Bioengineering professor and global health leader elected to prestigious academy
Rice University bioengineer and global health leader Rebecca Richards-Kortum has been elected a fellow of the American Academy of Arts and Sciences, one of the nation’s foremost scholarly honors.
Founded in 1780, the academy is among the oldest and most prestigious honorary societies in the country. The society’s list of current and former members includes John Adams, John James Audubon and Albert Einstein. The 2015 class of 197 new members includes noted HIV researcher James Curran, actor Christopher Plummer, former Secretary of Homeland Security Janet Napolitano, as well as winners of the Nobel Prize, Pulitzer Prize, MacArthur and Guggenheim fellowships and Grammy, Emmy, Oscar and Tony awards.
Richards-Kortum is Rice’s Stanley C. Moore Professor of Bioengineering, professor of electrical and computer engineering and director Rice 360°: Institute for Global Health Technologies.

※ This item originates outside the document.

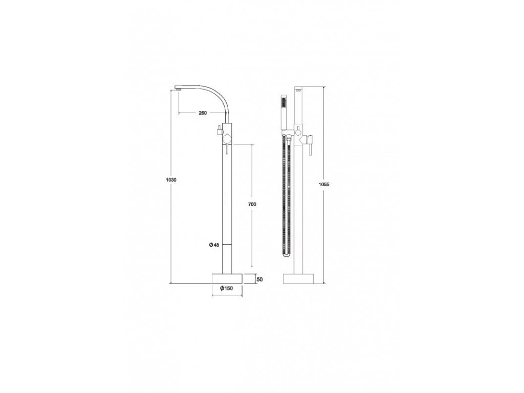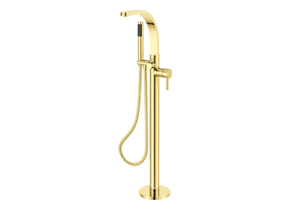 Vanová stojánková baterie je dodávána včetně příslušenství (sprchová růžice a hadice).

“It is such an honor to be included as part of this accomplished group,” said Richards-Kortum, who joined Rice’s faculty in 2005. “I am extraordinarily grateful to everyone who has helped me over the years, including my students, colleagues and mentors. This recognition is as much theirs as mine.”
For two decades, Richards-Kortum has focused on translating research in nanotechnology, molecular imaging and microfabrication to develop optical imaging systems that are inexpensive, portable and provide point-of-care diagnoses for diseases ranging from cancer to malaria. Her research has produced 29 patents, more than 230 research papers, 11 book chapters and the textbook Biomedical Engineering for Global Health.

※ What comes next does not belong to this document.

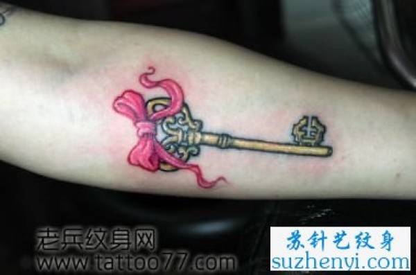 手臂彩色钥匙蝴蝶结纹身_蝴蝶纹身图案大全_纹身图吧

She is a member of the National Academy of Engineering and an inaugural member of the National Advisory Council for Biomedical Imaging and Bioengineering for the National Institutes of Health. Richards-Kortum also is a fellow of the Optical Society of America, the American Institute for Medical and Biological Engineering, the American Association for the Advancement of Science, the Biomedical Engineering Society and the National Academy of Inventors.
Her many awards and honors include the 2013 Lemelson-MIT Award for Global Innovation, the 2014 Michael S. Feld Biophotonics Award from the Optical Society of America, Rice’s George R. Brown Award for Superior Teaching and the 2007 Chester F. Carlson Award from the American Society for Engineering Education. She was named a professor of the Howard Hughes Medical Institute in 2002 and 2006.
The academy’s new members will be inducted Oct. 10 at a ceremony in Cambridge, Mass.
Including Richards-Kortum, 16 current or emeritus faculty at Rice are members of the American Academy of Arts and Sciences.